Now we are confronted with yet another white-nationalist attack. The Anti-Defamation League put out a statement, which read in part:

“This attack underscores a trend that ADL has been tracking: that modern white supremacy is an international threat that knows no borders, being exported and globalized like never before,” said ADL CEO Jonathan Greenblatt. “The hatred that led to violence in Pittsburgh and Charlottesville is finding new adherents around the world. Indeed, it appears that this attack was not just focused on New Zealand; it was intended to have a global impact.”
As has become a pattern with white supremacist violence, the shooter not only meticulously planned the attack, but also designed it for social media, even live streaming it on Facebook. The fact that his video is still accessible on several social media websites is a reminder that these platforms need to do more to stem the flow of hateful messages and memes on their platforms, especially white supremacist memes targeting Muslims, Jews and other minorities.

In the third year of Trump’s presidency we’ve witnessed the president stoke irrational and baseless fears of Muslim invaders (hence the travel ban and the lies about Middle East terrorists mixed into the caravan). We’ve seen him declare that there were “very fine” people were among the neo-Nazi marchers in Charlottesville, who chanted the white nationalist theme (“Jews will not replace us”) — the same “replacement” ideology apparently at the heart of the New Zealand attacks.

Trump has hired advisers who believe the United States is in a life-and-death struggle with Islam, blurring the distinction between members of a worldwide religion and fundamentalists responsible for terrorism attacks. He has falsely labeled acts of terrorism from radicalized people in the United States as evidence of the Muslim threat he tells his followers they should fear. He has virtually ignored right-wing domestic terror despite its rise in the United States and around the world:

The threat of far-right political terrorism, for one, is a growing concern in North America and Western Europe, according to the findings. While the United Kingdom, Spain, Finland, Sweden, and Austria were the only countries to experience increases in deaths from terrorism in Western Europe, both Canada and the U.S. experienced increases in total deaths in North America.
Far-right groups and individuals caused 66 deaths and launched 127 attacks in the regions between 2013 and 2017. The majority of attacks, according to the findings, were carried out by lone actors with far-right, white nationalist or anti-Muslim beliefs.

If one wanted to follow Trump’s rationale, they’d ban immigration from the countries identified above. But that would be insane, you say, because it ignores the scourge of domestic terrorism and casts suspicion on millions of innocent people.
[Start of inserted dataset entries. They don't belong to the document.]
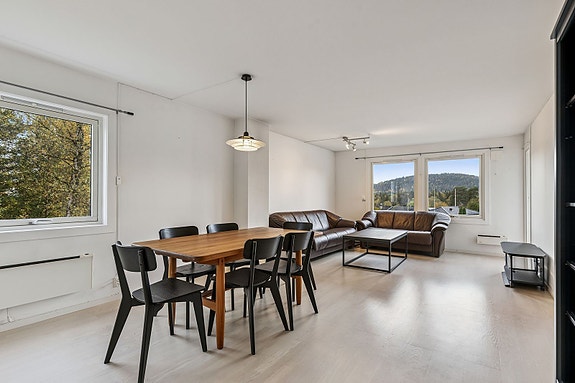 Det som står i leiligheten er: Sofa, sofabord, spisebord, spisestoler, bokhylle, seng og kommode. Dette kan tas ut etter ønske fra leietaker.
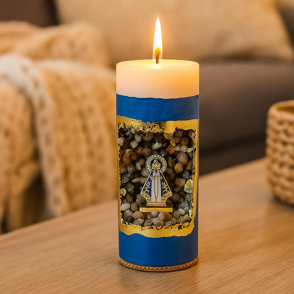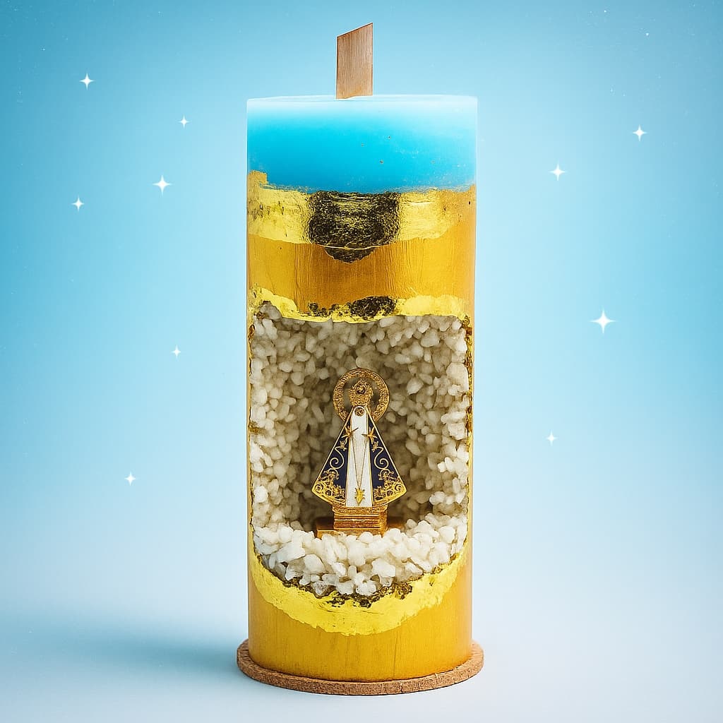 vo06 Vela Oratório (gruta azul) Dia de Nossa Senhora Aparecida Vela Oratório Nossa Senhora Aparecida Velas artesanais feitas em concreto e gesso, com detalhes em folhas de ouro 24k e uma imagem em metal de Nossa Senhora Aparecida, envolta por pedras nat... R$139,90
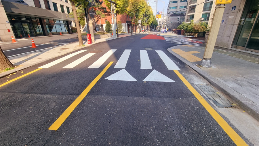 종종 차선과 차선 사이 마름모꼴 도형이 새겨진 모습을 볼 수 있습니다. 마름모꼴 도형은 전방에 횡단보도가 나타난다는 걸 미리 알려주는 표시입니다. 운전자가 사전에 주의를 기울여 속도를 줄임으로써 보행자 사고를 예방하기 위함이죠.

Precisely.

Trump has at his disposal a right-wing media that trumpets his themes and echoes his baseless accusations. The alt-right and white nationalists fill social media with the same blind hatred. Ordinary MAGA fans listen to Trump’s venom again and again.

In this cauldron of Islamophobia, racism and xenophobia, we have seen a sizable increase — 17 percent in 2017 — in hate crimes in the United States. What did we expect would happen?

Did Trump “cause” the mosque killing? No. The murderer(s) are responsible for the deaths of innocents, for the assault on religious freedom, for an act of unimaginable evil. Does Trump contribute to the broader problem, amplifying rather than discouraging (as Bush did) Islamophobia? Yes. Does Trump give legitimacy to “replacement” ideology by creating a moral equivalence between its proponents and anti-Nazi protesters? Yes. Does he prefer to fuel fear of Muslims at the expense of taking serious and sustained effort against right-wing terrorism? Absolutely.

Bush put it best: “Those who feel like they can intimidate our fellow citizens to take out their anger don’t represent the best of America, they represent the worst of humankind, and they should be ashamed of that kind of behavior.” He never conceived that such a person would occupy the Oval Office.